=== Section Start ===

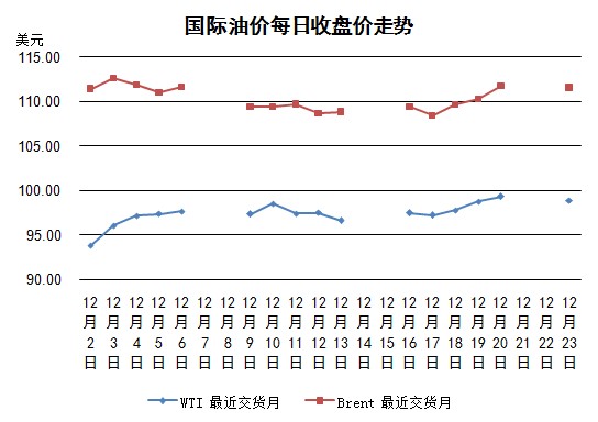 由于圣誕節(jié)來臨,在連日上漲之后部分交易者選擇落袋為安,因此當(dāng)日紐約WTI、倫敦布倫特價(jià)格都有小幅下降。但是目前導(dǎo)致油價(jià)上漲的不安因素仍未消除:法國道達(dá)爾三座煉廠工人持續(xù)罷工、利比亞石油出口減少約100萬桶/日(當(dāng)?shù)赜形溲b組織在尋求更大的自治權(quán))、南蘇丹動(dòng)亂導(dǎo)致其24.5萬桶/日的石油產(chǎn)量受到威脅等(中石油已經(jīng)將工人從油田撤出)。
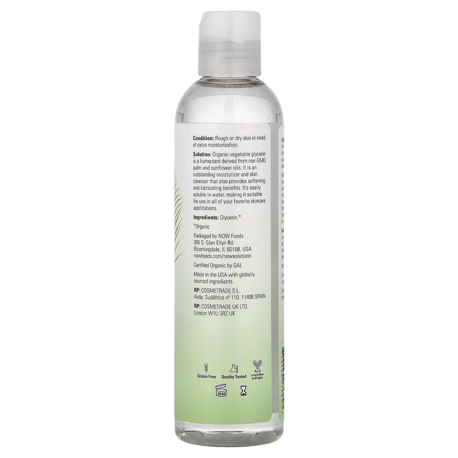 NOW Foods Solutions Glicerina Vegetal Orgânica 8 fl oz (237 ml) – Now Foods Cuidados Pessoais Cuidados com o Corpo Óleos corporais e de massagem.
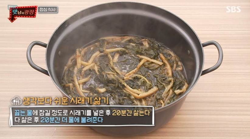 끓는 물에 잠길 정도로 시래기를 넣은후 20분간 삶아준후 20분간 물에 더 불려주면 됩니다.
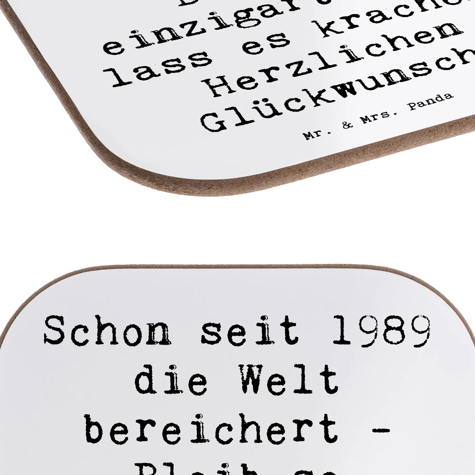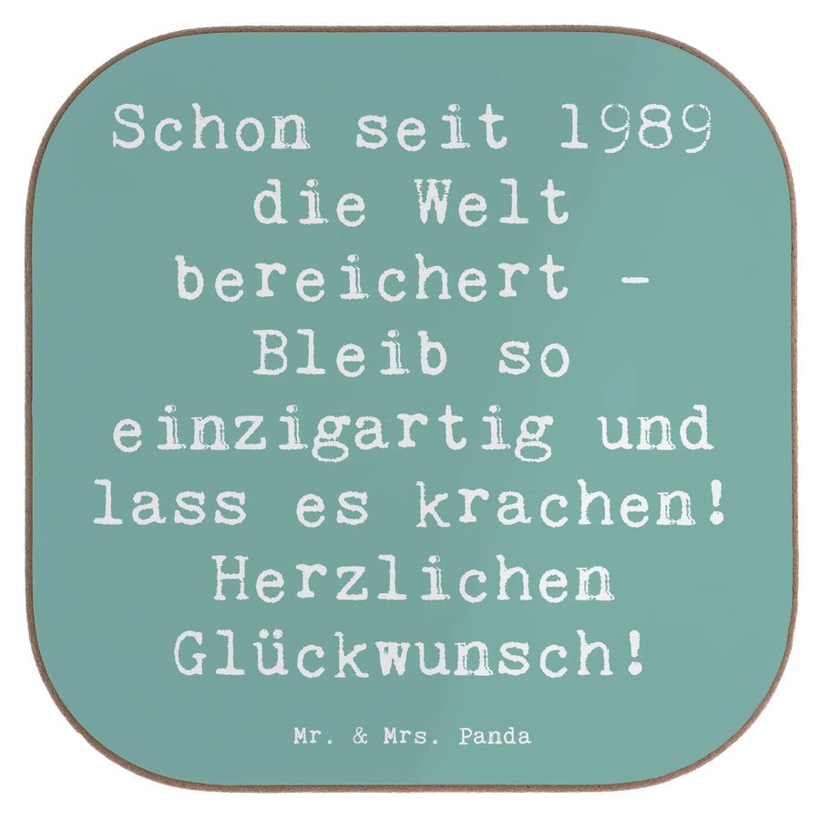 Square coaster Saying Schon seit 1989 die Welt bereichert - Bleib so einzigartig und lass es krachen! Herzlichen Glückwunsch! - Sea Breeze
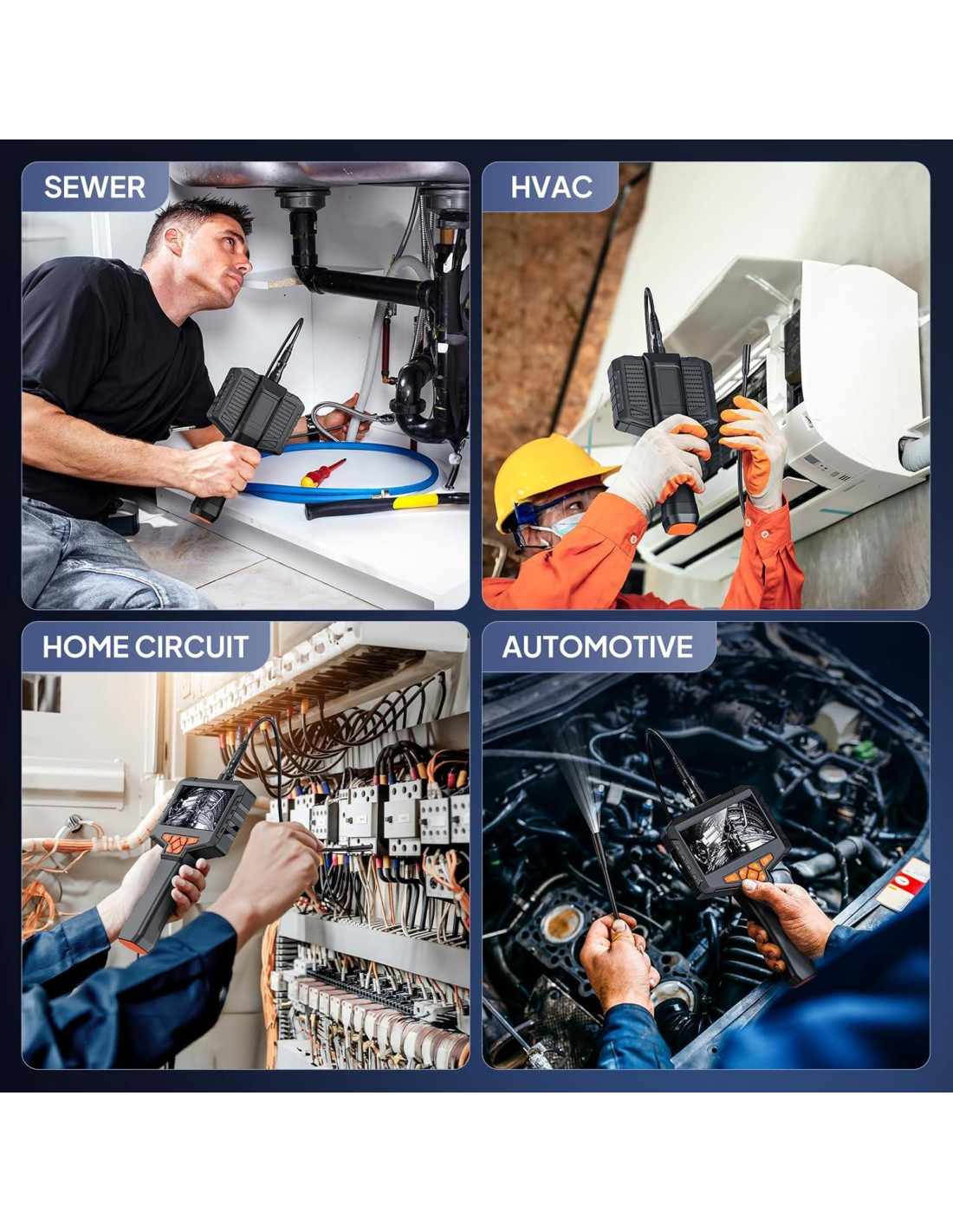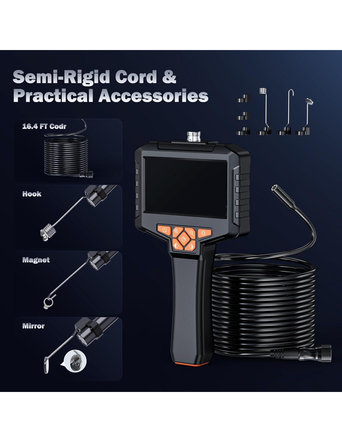 - Sonda Endoscópica Mejorada: Tecnología de sonda única de 7.8mm. Combinada con una sonda integrada de 7.8mm y cámara HD. Cable adicional incorporado de 50ft. Mejor para ayudarnos a ver problemas en entornos internos estrechos.

=== Section End ===

YOUR TASK | Although the records hold pictures, the copy must not; give again exactly the lines from the one with "끓는 물에 잠길 정도로" through the one with "Square coaster Saying".

RESPONSE AREA |
 끓는 물에 잠길 정도로 시래기를 넣은후 20분간 삶아준후 20분간 물에 더 불려주면 됩니다.
 Square coaster Saying Schon seit 1989 die Welt bereichert - Bleib so einzigartig und lass es krachen! Herzlichen Glückwunsch! - Sea Breeze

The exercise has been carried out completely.